Illegal forex dealers face 10 years in jail

Illegal forex dealers face 10 years in jail

Source: Illegal forex dealers face 10 years in jail – DailyNews Live

Blessings Mashaya  29 September 2017

HARARE – A new foreign exchange law in Zimbabwe will send unlicensed
foreign currency dealers to jail for 10 years.

Zimbabweans compare the new note with the US dollar note following the introduction of new notes by the Reserve Bank of Zimbabwe in Harare, Monday, Nov, 28, 2016. The Southern African nation has rolled out a new currency for the first time since 2009 in hopes of easing biting shortages of the US dollar. Banks across the country started issuing the new currency called bond notes, Monday(AP Photo/Tsvangirayi Mukwazhi)

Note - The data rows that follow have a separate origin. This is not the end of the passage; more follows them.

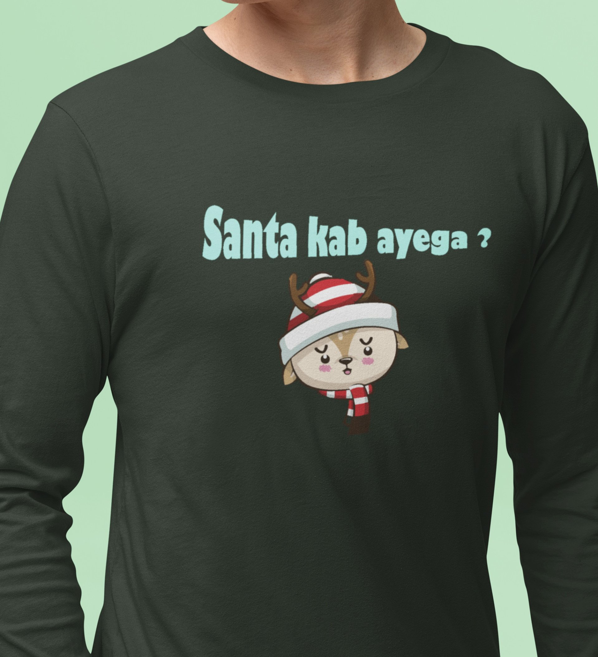 When Will The Santa Come: Green Christmas Full Sleeve T-shirt BestFull Sleeve T-shirt Gifting Kids Friends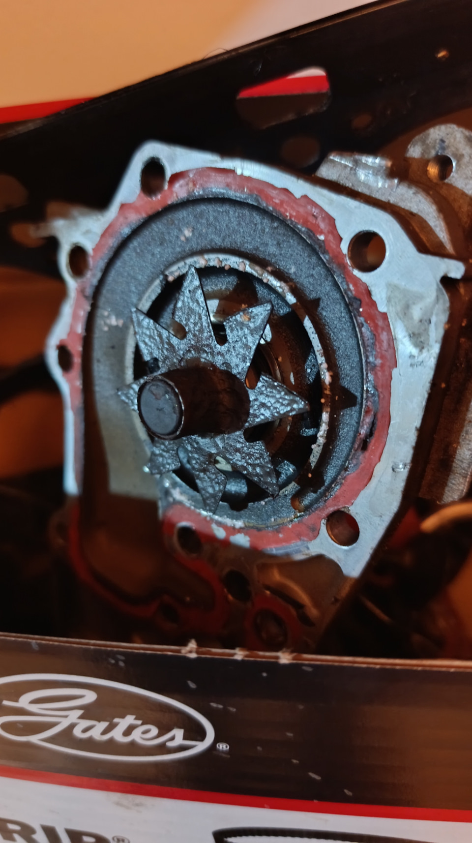 Печальная ситуёвина… Где же теперь эти выступающие лопасти с крыльчатки помпы, как бы они не стали причиной забитых каналов в системе охлаждения.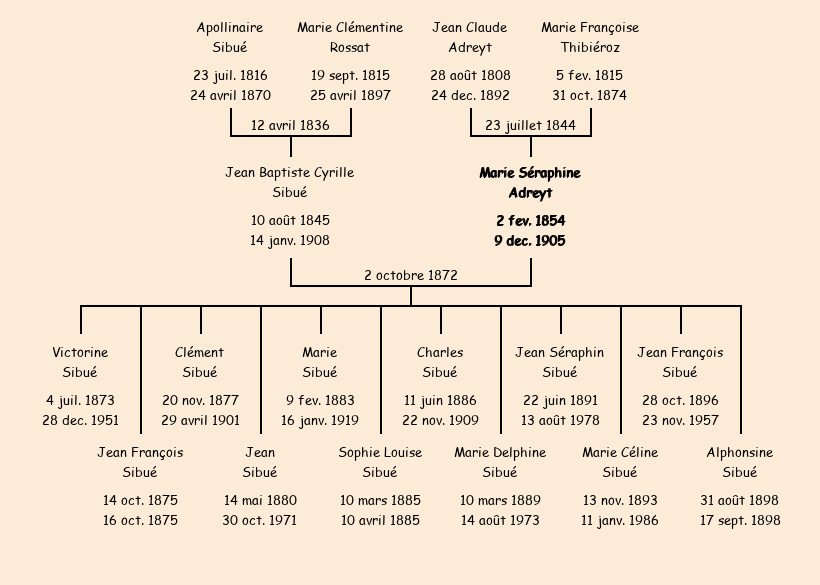Epoux : Cyrille Jean Baptiste Sibué (27 ans, né le 10 août1845, soldat de l'armée d'active, a signé), fils de Apollinaire (décédé le 24 avril1870) et de Clémentine Rossat (ménagère, n'a pas su signer) |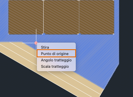 Se è necessario allineare il modello in un tratteggio, ad esempio per le tavole del pavimento della veranda illustrate sopra, passare il cursore sul grip di origine del tratteggio e selezionare Punto di origine per specificare un punto di allineamento.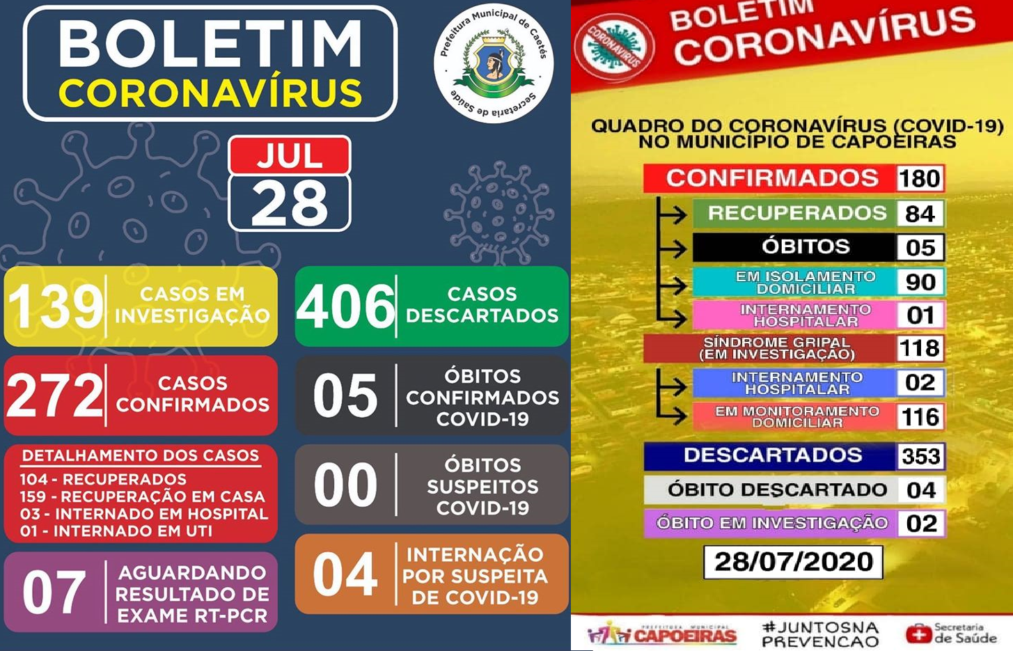 Segundo os Boletins Epidemiológicos divulgados pelas Secretarias de Saúde de Capoeiras e Caetés, nesta terça-feira, 28/07/2020, os dois municípios somam juntos 452 casos de Covid-19. As duas cidades que ficam a uma distância de 5 quilômetros uma da outra, pela aproximação, muitos dos seus moradores circulam entre as duas, diariamente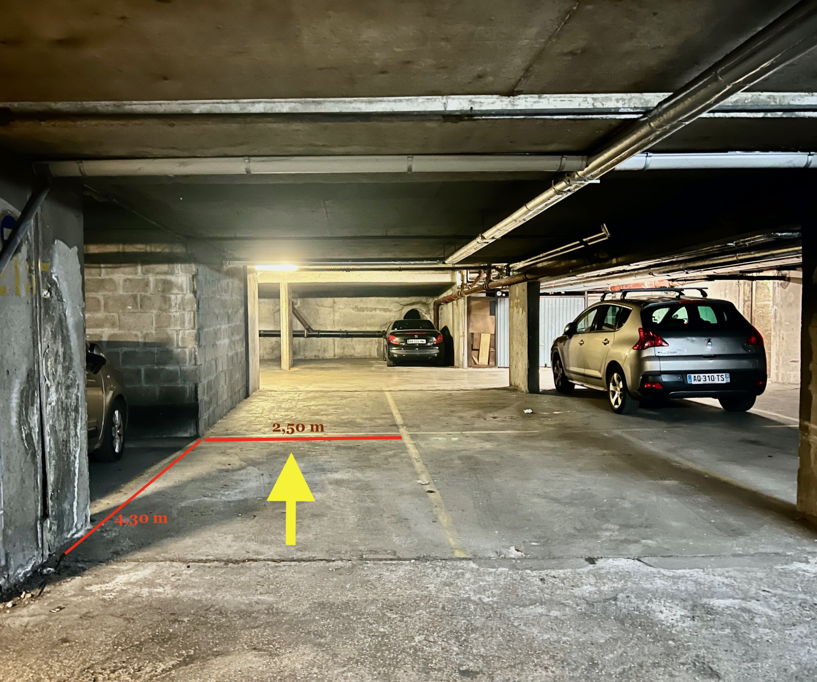 Paris 20ème, rue de Fontarabie, dans une copropriété très bien entretenue et sécurisée (badge d'accès, ouverture automatique, large accès véhicule) , emplacement de parking (4,30 x 2,50 m soit 10,75 m2) au premier sous-sol très bien placé immédiatement à l'arrivée de la rampe d'accès véhicule.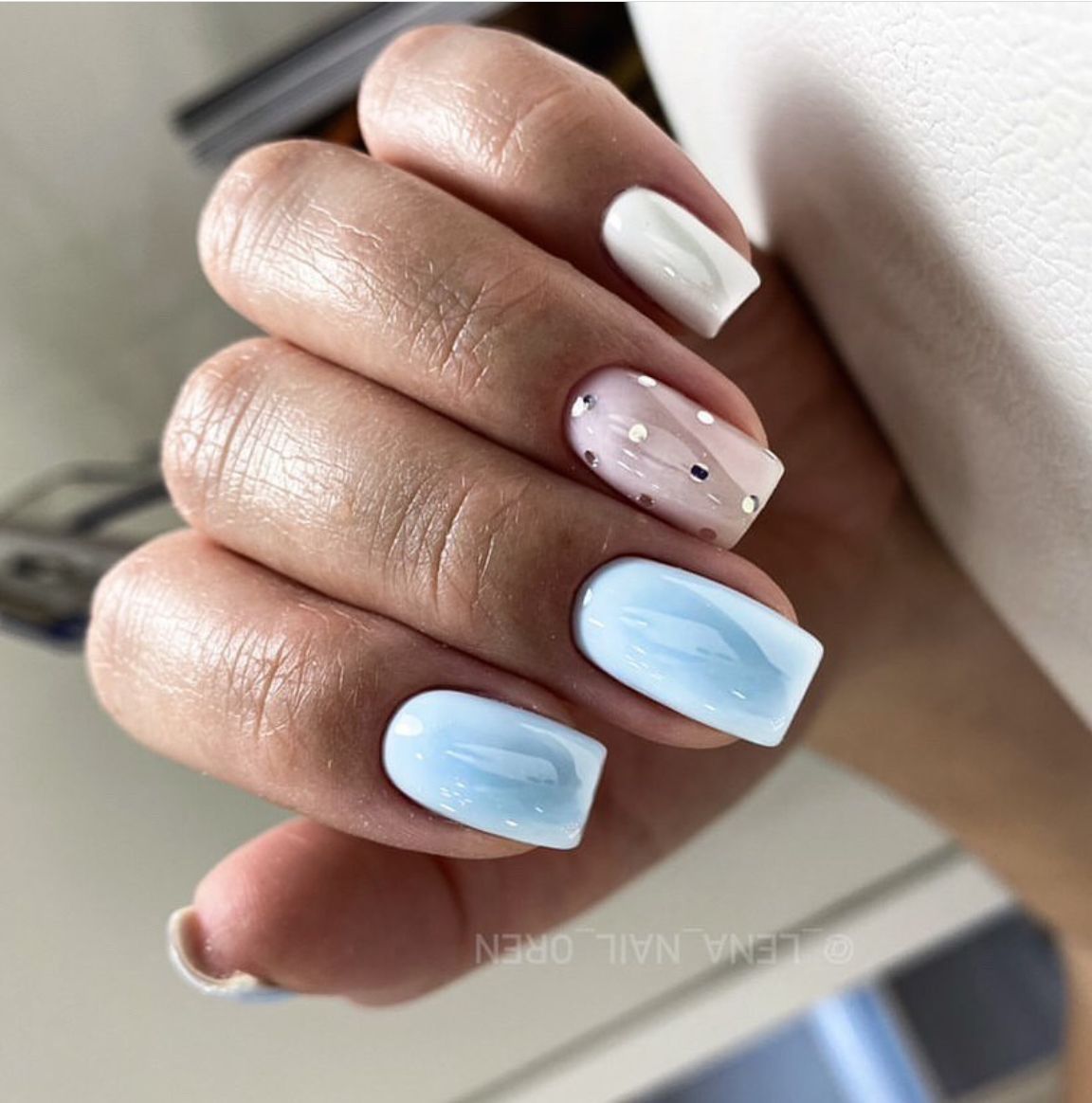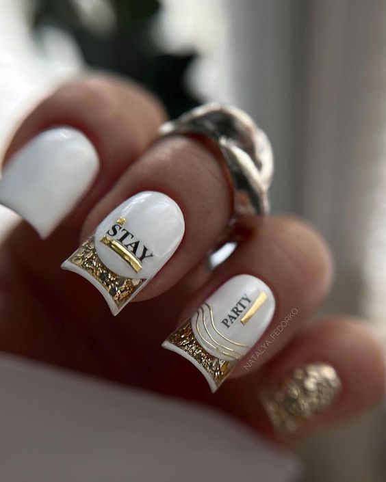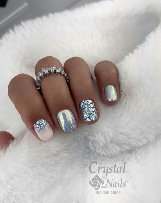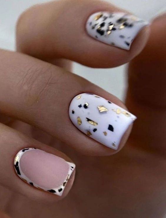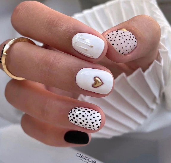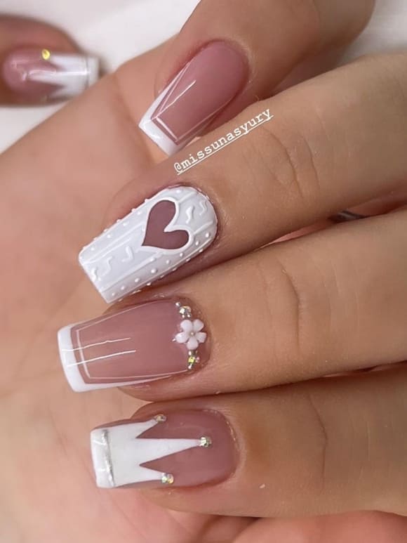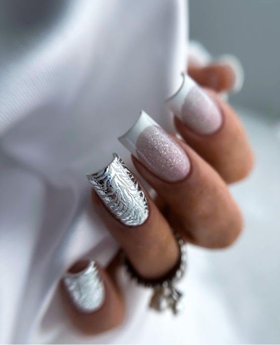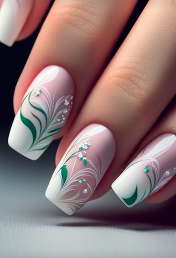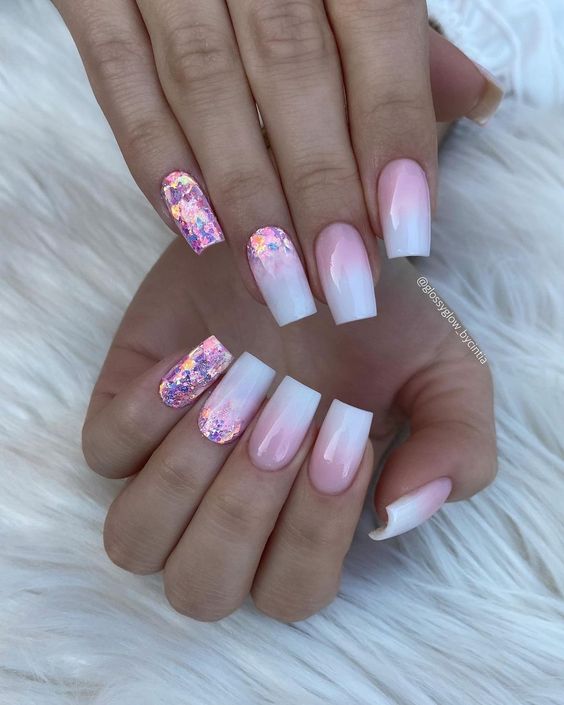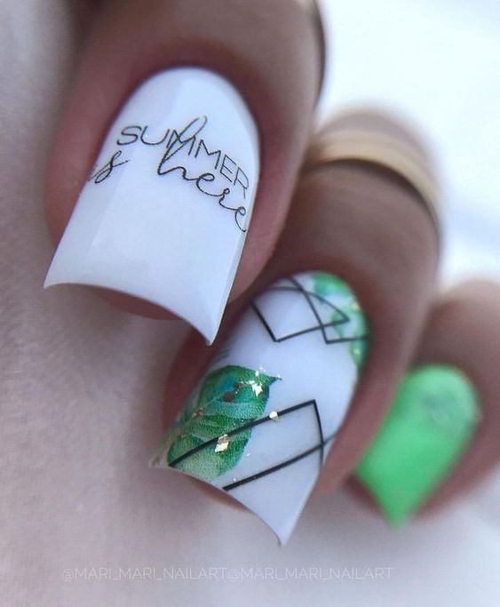 Белый оттенок отлично подходит форме мягкий квадрат. Его можно сделать в однотонном варианте или добавить несколько красивых акцентов, контрастных или блестящих.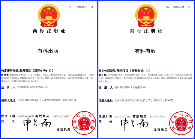 近日,國家知識產(chǎn)權(quán)局向有科出版頒發(fā)商標(biāo)注冊證,有科出版成功注冊“有科出版”及“有科有數(shù)”商標(biāo)。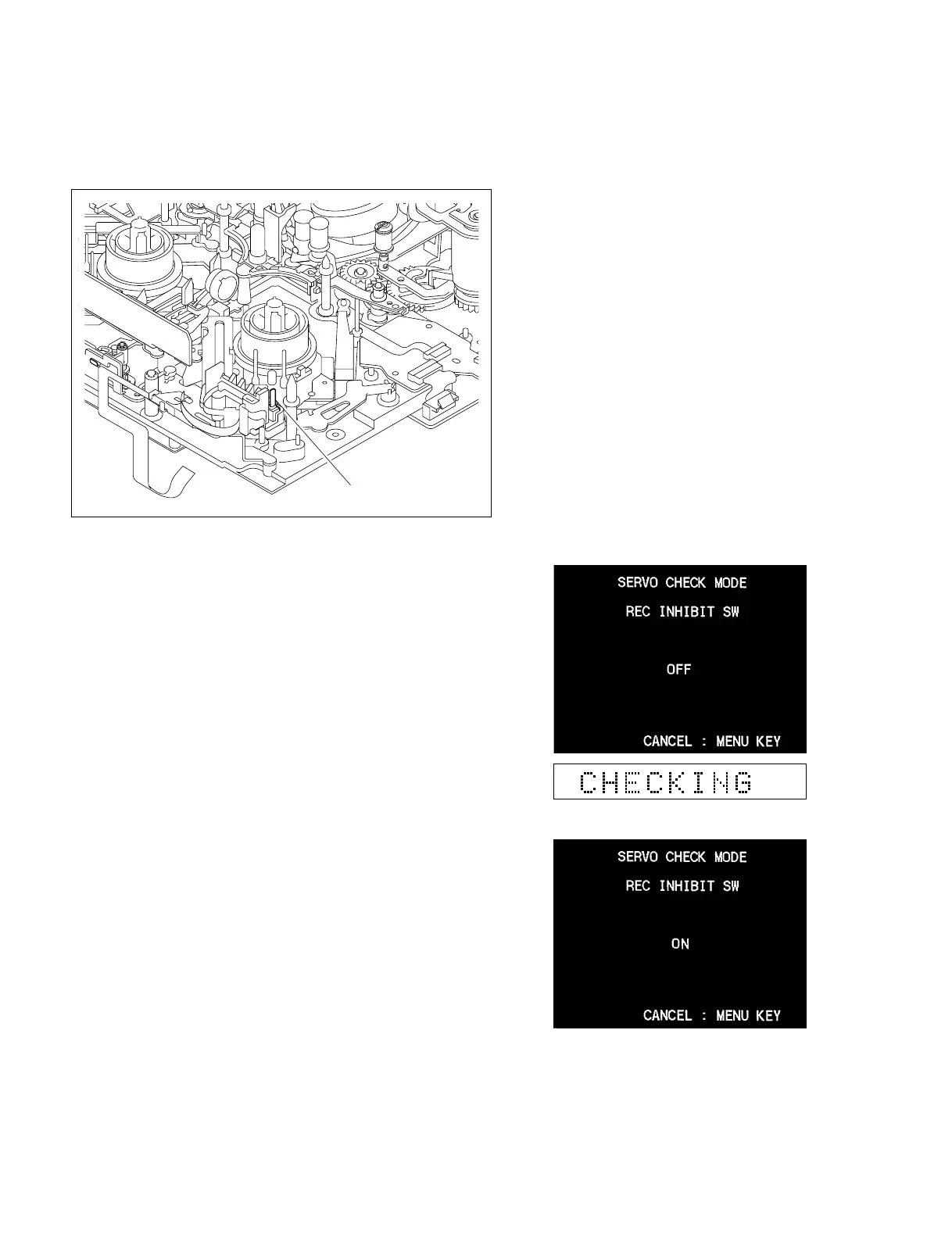 Checks the REC INHIBIT switch.

The long-awaited law, approved by the Cabinet this week, is expected to
take effect as soon as Parliament promulgates it next month, Finance
minister Patrick Chinamasa (pictured below) told the National Assembly in
a ministerial statement yesterday.

“Trading in currency without a licence is an offence. The regulations make
it clear that anyone who deals in currency as commodity either at a
premium or at a discount commits an offence,” Chinamasa said.

The regulations are expected to be rammed through the bicameral
Parliament, where President Robert Mugabe enjoys a commanding two-thirds
majority in both houses.

Soon after the ushering in of bond notes as an export incentive last
November, US dollars have vanished from banks but are found in abundance
on the black market.

A bond note unit – limited for domestic commerce – was been fixed by the
RBZ to trade at par with one US dollar. But some retailers have low
confidence in the bond notes and place different price tags on goods
dependent on the currency used for payment.

Prices reflect that one US dollar in hard cash is equivalent to $1,40 in
bond notes, meaning that the surrogate currency has already lost 40
percent of its value. Zimbabwean firms resorting to the black market in
search of US dollars pay a premium of up to 60 percent.

Chinamasa threatened to invoke the new law which will jail anyone trading
the fiat currency at a rate apart from what they had officially imposed, a
situation that clearly undermines market forces, hence influencing the
exchange rates of all currencies trading in the country.

Chinamasa also ruled out price controls. This comes as shortages of basic
goods and fuel have resurfaced, sparking panic buying by consumers.

Prices of imported products have also skyrocketed, which businesses blame
on shortages of foreign exchange.

“I said in Cabinet I am opposed to the introduction of price controls, it
will worsen the situation, this situation need to be solved in a friendly
manner,” he told the National Assembly.